- _SOURCE INFORMATION_:
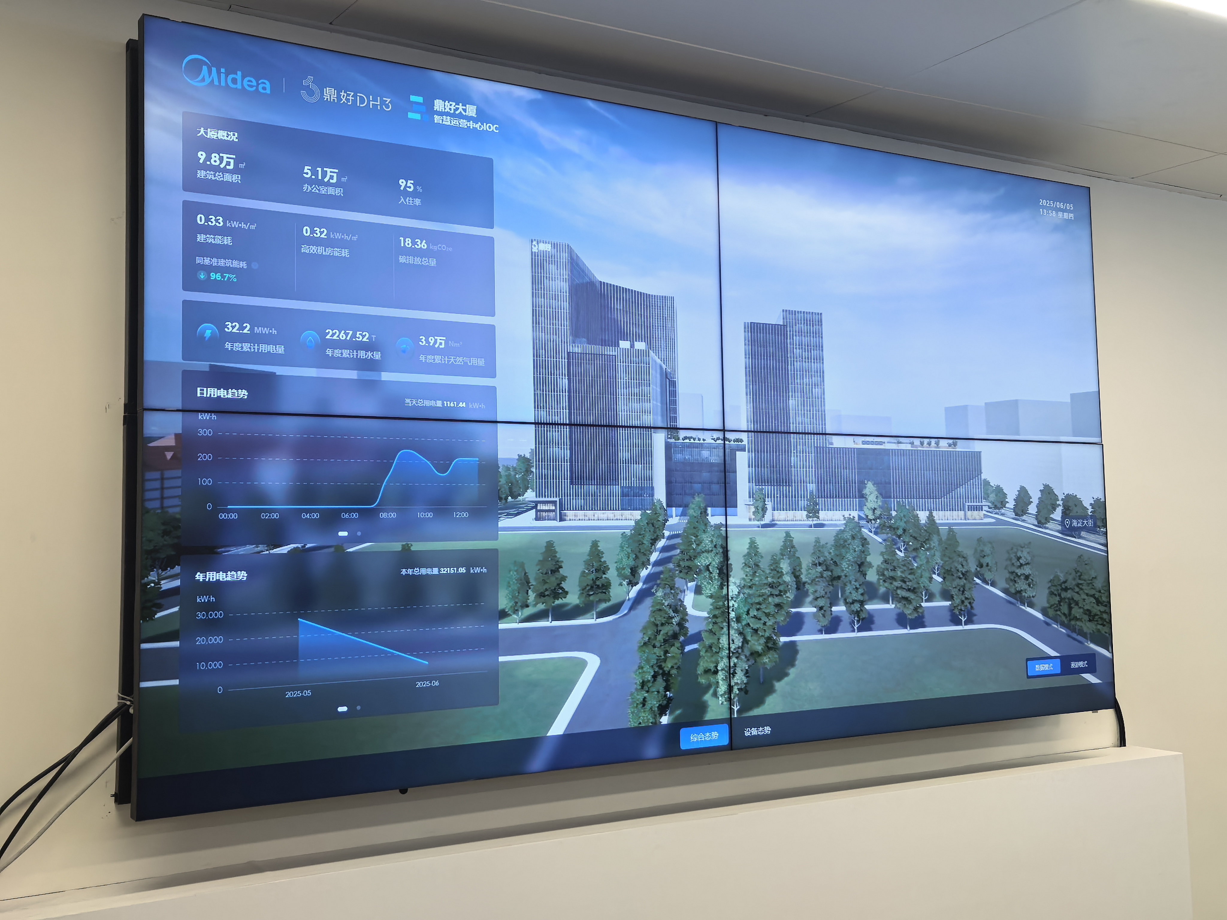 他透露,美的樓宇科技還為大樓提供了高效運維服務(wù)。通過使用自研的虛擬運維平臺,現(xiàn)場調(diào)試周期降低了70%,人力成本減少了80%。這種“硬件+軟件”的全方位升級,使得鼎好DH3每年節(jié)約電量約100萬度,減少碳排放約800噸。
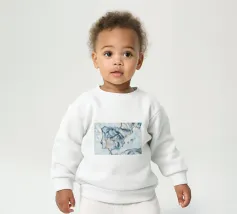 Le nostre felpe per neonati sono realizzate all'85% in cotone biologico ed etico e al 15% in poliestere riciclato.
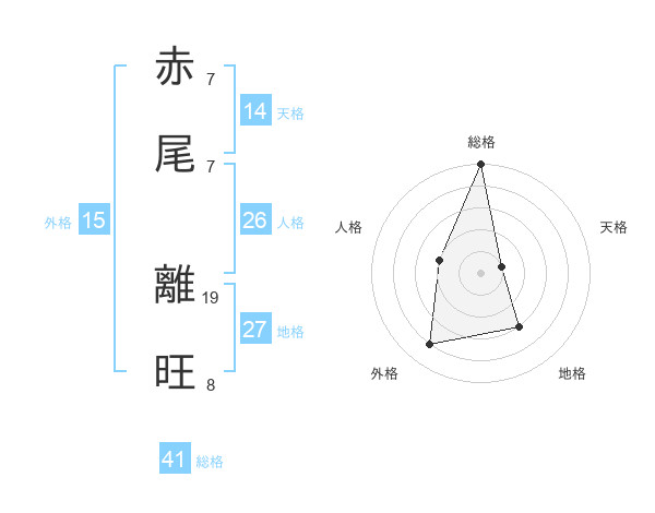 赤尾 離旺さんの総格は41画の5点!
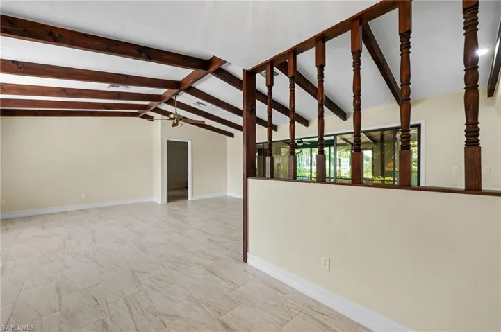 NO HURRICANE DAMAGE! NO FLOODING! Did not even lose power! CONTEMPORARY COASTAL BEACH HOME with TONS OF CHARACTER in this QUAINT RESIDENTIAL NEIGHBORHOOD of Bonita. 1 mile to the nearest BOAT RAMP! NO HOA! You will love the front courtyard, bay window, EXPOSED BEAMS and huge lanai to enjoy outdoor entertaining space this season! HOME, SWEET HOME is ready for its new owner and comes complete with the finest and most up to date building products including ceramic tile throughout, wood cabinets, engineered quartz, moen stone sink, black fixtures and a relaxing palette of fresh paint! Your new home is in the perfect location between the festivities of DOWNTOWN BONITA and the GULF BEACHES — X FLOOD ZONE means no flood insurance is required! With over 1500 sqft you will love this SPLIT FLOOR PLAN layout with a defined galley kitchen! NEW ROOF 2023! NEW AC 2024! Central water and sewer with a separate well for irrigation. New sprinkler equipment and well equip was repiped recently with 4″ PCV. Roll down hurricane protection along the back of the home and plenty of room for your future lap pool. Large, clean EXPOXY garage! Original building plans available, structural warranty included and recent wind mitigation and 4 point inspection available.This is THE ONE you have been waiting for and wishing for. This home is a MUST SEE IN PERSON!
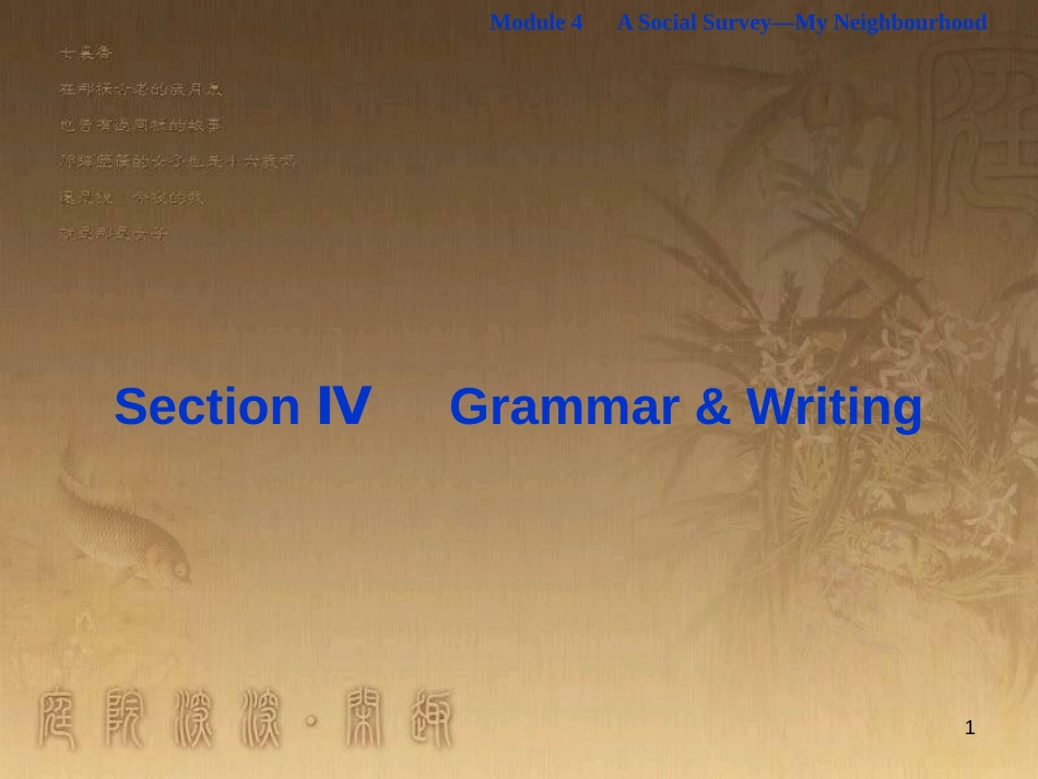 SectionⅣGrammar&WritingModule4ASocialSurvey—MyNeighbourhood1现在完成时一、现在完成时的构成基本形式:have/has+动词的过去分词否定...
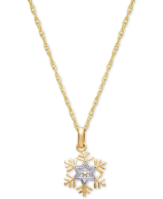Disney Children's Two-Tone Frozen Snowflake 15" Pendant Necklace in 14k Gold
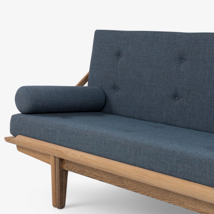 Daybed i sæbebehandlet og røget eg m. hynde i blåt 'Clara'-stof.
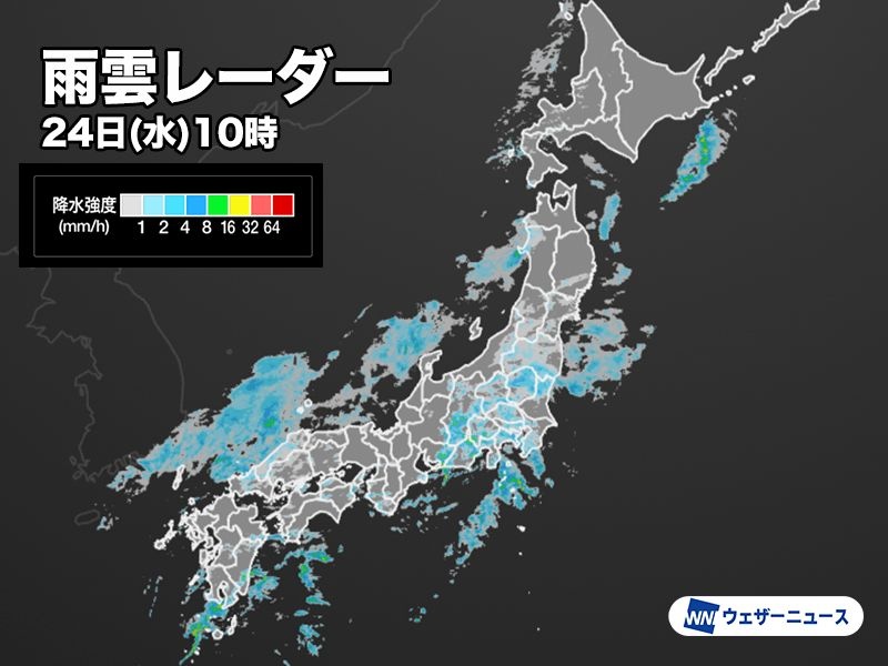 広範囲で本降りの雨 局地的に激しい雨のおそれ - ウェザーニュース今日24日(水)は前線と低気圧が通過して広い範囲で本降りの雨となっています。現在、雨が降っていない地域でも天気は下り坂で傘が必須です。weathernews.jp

* * *

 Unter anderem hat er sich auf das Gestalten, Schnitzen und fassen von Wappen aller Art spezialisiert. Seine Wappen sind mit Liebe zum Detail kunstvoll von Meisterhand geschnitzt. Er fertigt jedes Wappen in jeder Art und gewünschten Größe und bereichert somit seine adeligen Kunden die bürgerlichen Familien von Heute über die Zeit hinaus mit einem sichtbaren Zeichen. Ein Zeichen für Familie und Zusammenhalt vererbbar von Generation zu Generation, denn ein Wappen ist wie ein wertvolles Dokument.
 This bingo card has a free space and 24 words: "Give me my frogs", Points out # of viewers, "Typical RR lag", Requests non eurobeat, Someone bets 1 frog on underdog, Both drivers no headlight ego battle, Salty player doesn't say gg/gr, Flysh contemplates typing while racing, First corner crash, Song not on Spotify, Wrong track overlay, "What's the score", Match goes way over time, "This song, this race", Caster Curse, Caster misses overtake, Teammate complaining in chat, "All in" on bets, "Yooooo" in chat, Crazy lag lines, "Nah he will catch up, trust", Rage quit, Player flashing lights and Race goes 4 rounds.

---

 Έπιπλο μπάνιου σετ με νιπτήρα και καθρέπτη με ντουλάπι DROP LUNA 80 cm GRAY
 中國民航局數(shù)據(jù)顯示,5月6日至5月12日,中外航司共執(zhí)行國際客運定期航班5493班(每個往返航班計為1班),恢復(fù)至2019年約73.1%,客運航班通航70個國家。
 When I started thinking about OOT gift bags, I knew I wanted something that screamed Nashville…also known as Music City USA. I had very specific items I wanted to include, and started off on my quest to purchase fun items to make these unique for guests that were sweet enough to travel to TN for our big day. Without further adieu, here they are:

- _AIM OF THE EXERCISE_: Take the line above containing "中國民航局數(shù)據(j", the line containing "When I started", and all lines in between, and copy them exactly without anything else.

- _RESPONSE TO THE EXERCISE_:
 中國民航局數(shù)據(jù)顯示,5月6日至5月12日,中外航司共執(zhí)行國際客運定期航班5493班(每個往返航班計為1班),恢復(fù)至2019年約73.1%,客運航班通航70個國家。
 When I started thinking about OOT gift bags, I knew I wanted something that screamed Nashville…also known as Music City USA. I had very specific items I wanted to include, and started off on my quest to purchase fun items to make these unique for guests that were sweet enough to travel to TN for our big day. Without further adieu, here they are:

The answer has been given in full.